For a moment she remained silent, looking straight at him with her splendid eyes, as if to read the book of his heart. At length she made answer:
“Because a woman worships you.”
He started, wondering quickly if his midnight visitor intended those words to convey a declaration of love. With an effort he smiled in a good-humoured way, but almost instantly his dark features regained their tragic expression.
“And if a woman pays me that compliment, is it not a misfortune for her?” he asked. There was a motive in her concealment there. What could it be?
“It surely should not be so, if the love is perfect, as it is in the present case.”
“Well,” he said, smiling, “apparently you are better acquainted with my private affairs than I am myself, Miss Mortimer. But in any case the love of this woman whom you mention can be only a passing fancy. True, I was loved once, long ago. But that all belongs to the past.”
“And the only relic of the bygone romance is that lock of hair? Yes, I know all. I have seen all. And your secret is, I assure you, safe with me.”
“But this woman who – well, who is attracted towards me?

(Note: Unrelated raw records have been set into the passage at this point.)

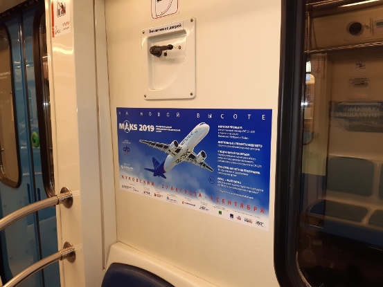 В августе ОАО «Авиасалон» провел рекламную кампанию Международного авиационно-космического салона МАКС-2019 с помощью оператора Московского метрополитена Nebo.digital на стикерах и видеоэкранах в вагонах столичной подземки.
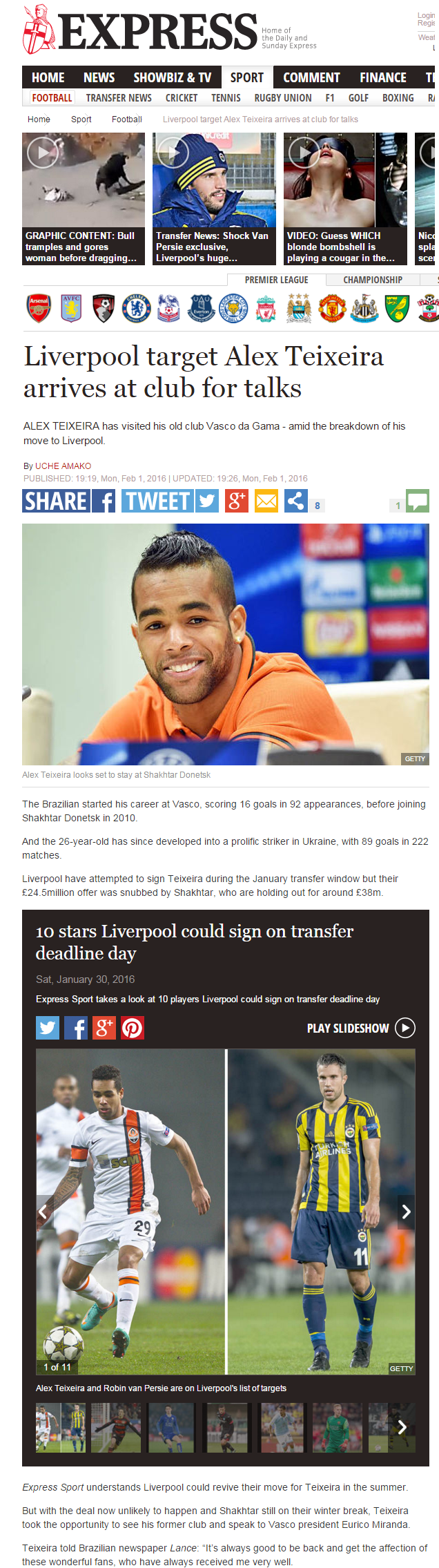 Visita de Alex Teixeira a São Januário repercute na imprensa inglesa
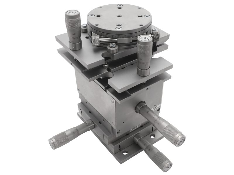 The TGN Series Tilt Platforms are compatible with UMR Steel Linear Stages, UTR Steel Rotation Stages, and MVN Precision Vertical Stages of matching size (for example, TGN80 with UMR8.25 and UTR80, or TGN120 with UTR 120 and MVN120). They can be combined to provide multi-axis motion and can be easily adapted to fit a specific system's needs. In the picture, a six-axis manual positioning system is shown using two UMR8.25s, two TGN80s, a UTR80S, and a MVN80. (Hint: first assemble Y & Z stages from the backside of Y stage, and then connect X stage to YZ from backside of X. In both steps, the carriage of UMR stage needs to be translated to each end of the travel range to reveal access holes, please refer to UMR stage XY assembly video.)
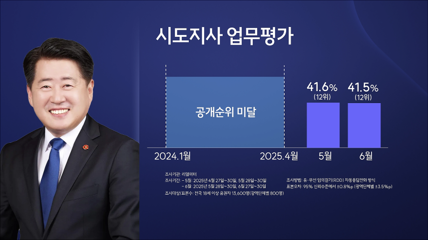 특히 오지사에 대한 부정 평가는 2023년 상반기 24%, 하반기 30%, 지난해 상반기 30%, 하반기 35%, 올해 상반기 39%로 도지사 임기가 지날수록 높아지는 추세입니다.
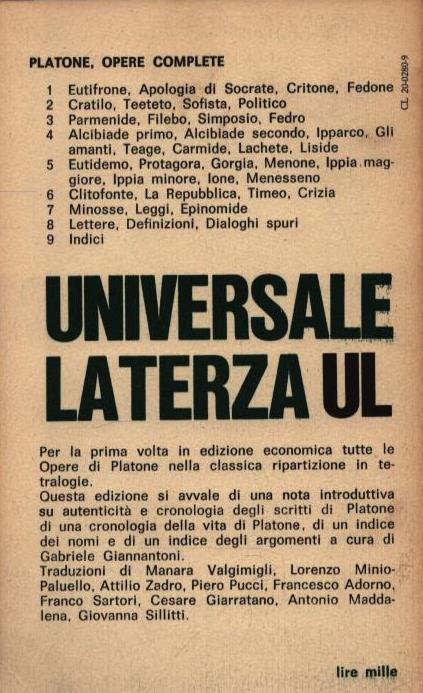 OPERE COMPLETE . CRATILO, TEETETO, SOFISTA, POLITICO . VOLUME SECONDO . 189
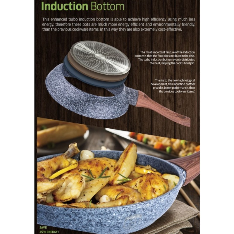 Kompozycja aluminiowego korpusu i ferromagnetycznego dna umożliwia użytkowanie na kuchni indukcyjnej oraz na wszystkich innych rodzajach kuchni i wykorzystywania najlepszych właściwości akutermicznych odlewanego i kutego aluminium na wszystkich kuchenkach i płytach grzewczych. Możliwość gotowania/smażenia w temperaturze do 220°C.

What is her name?” he demanded, not without some interest.
“You surely know her,” she answered. “The woman who is your best and most devoted friend – the woman in whom you should surely confide before attempting to take such a step as you are contemplating to-night – Lady Richard Nevill.”
His lips again set themselves hard at the mention of that name. Was it uttered in sarcasm, or was she in real earnest? He regarded her keenly for a moment, and then inclined to the latter opinion.
“The relations existing between Lady Richard and myself are our own affair,” he said, vexed by her reference to a subject which of all others, next to the knowledge of his sin, perturbed him most.